Write each line below back out exactly, omitting its pictures.

• _Supplied data_
------------------------------

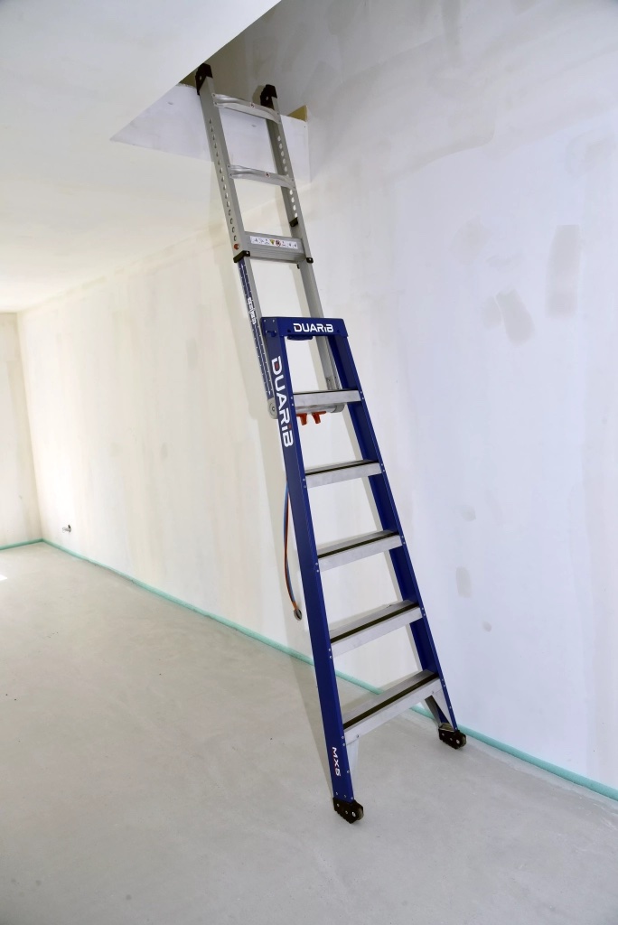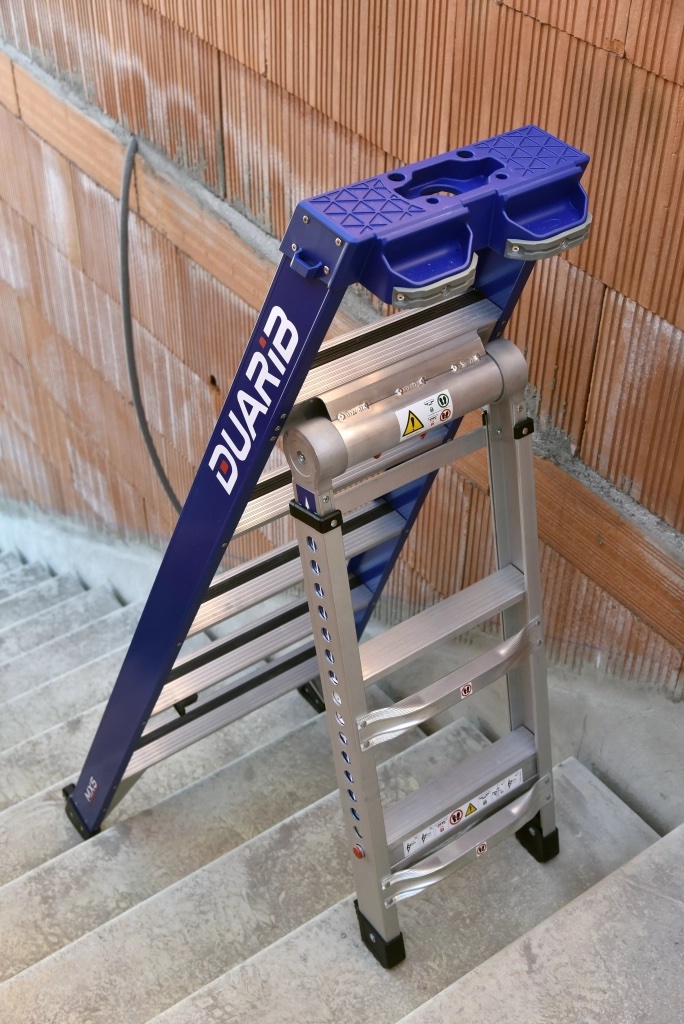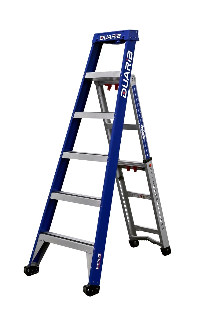 MX5 , l'escabeau 5 en 1 de chez Duarib : Passez d'une utilisation à l'autre en un clic .
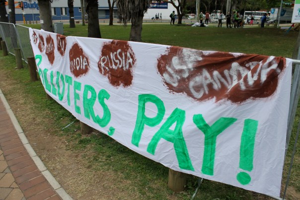 Friday afternoon was free, so naturally a few of us went down to the ICC (where the COP is being held). Our first stop was at the Occupy COP site, where we affixed our sign from the previous weekend’s rally to the fence surround the site, facing the ICC.
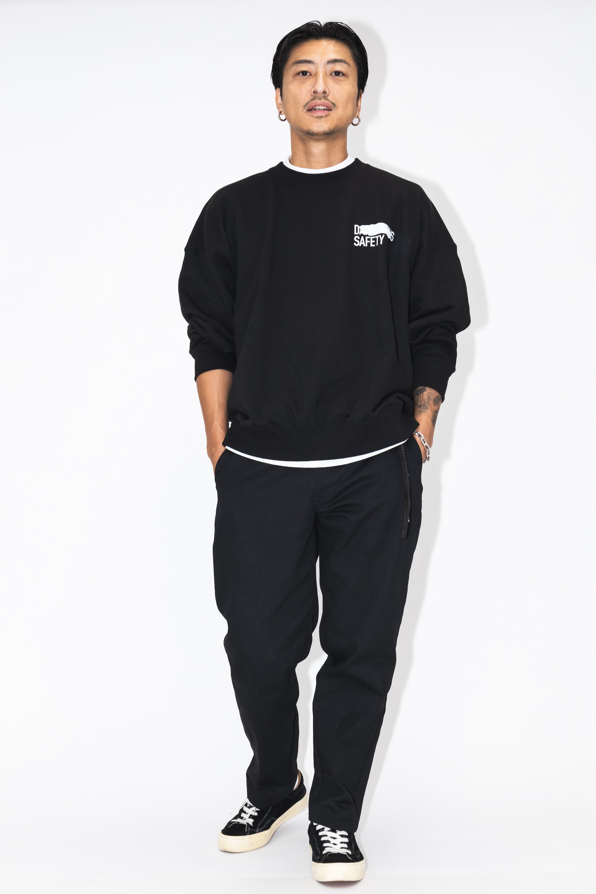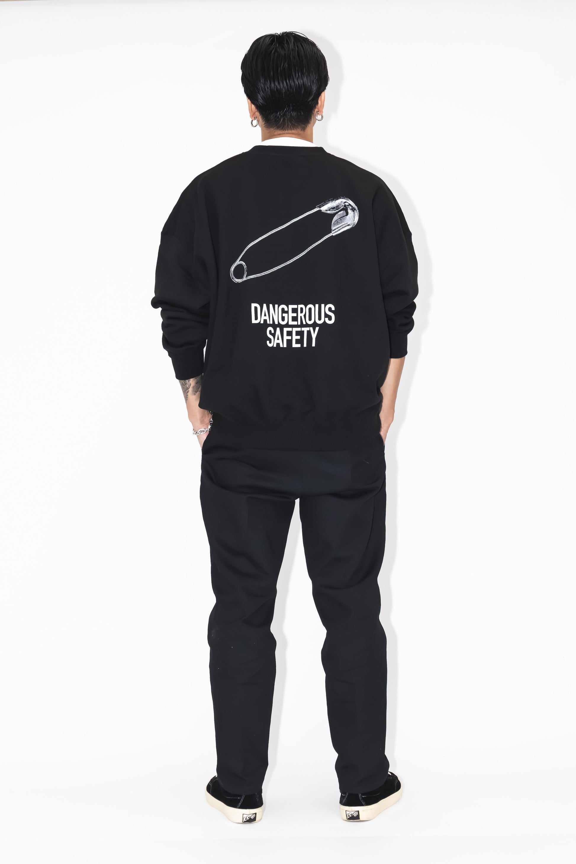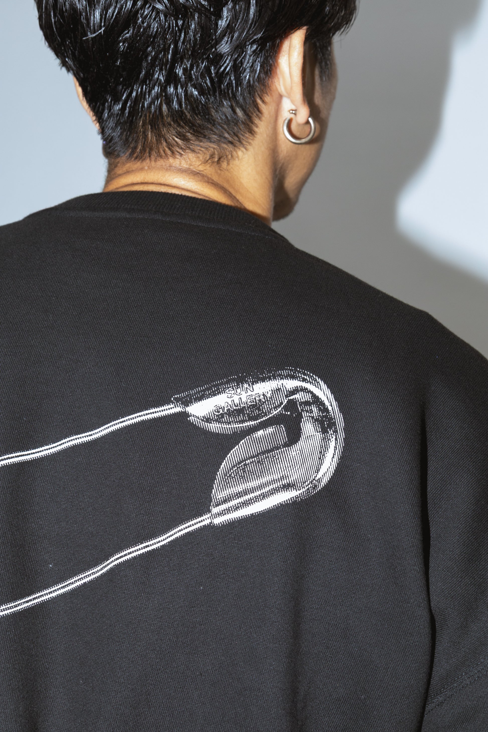 リアリティのある大胆なグラフィックとタイポグラフィが施された、ボックスシルエットのOVERSIZED SWEATSHIRT “SAFETY-PIN”。

------------------------------

• _Answer to the problem_
 MX5 , l'escabeau 5 en 1 de chez Duarib : Passez d'une utilisation à l'autre en un clic .
 Friday afternoon was free, so naturally a few of us went down to the ICC (where the COP is being held). Our first stop was at the Occupy COP site, where we affixed our sign from the previous weekend’s rally to the fence surround the site, facing the ICC.
 リアリティのある大胆なグラフィックとタイポグラフィが施された、ボックスシルエットのOVERSIZED SWEATSHIRT “SAFETY-PIN”。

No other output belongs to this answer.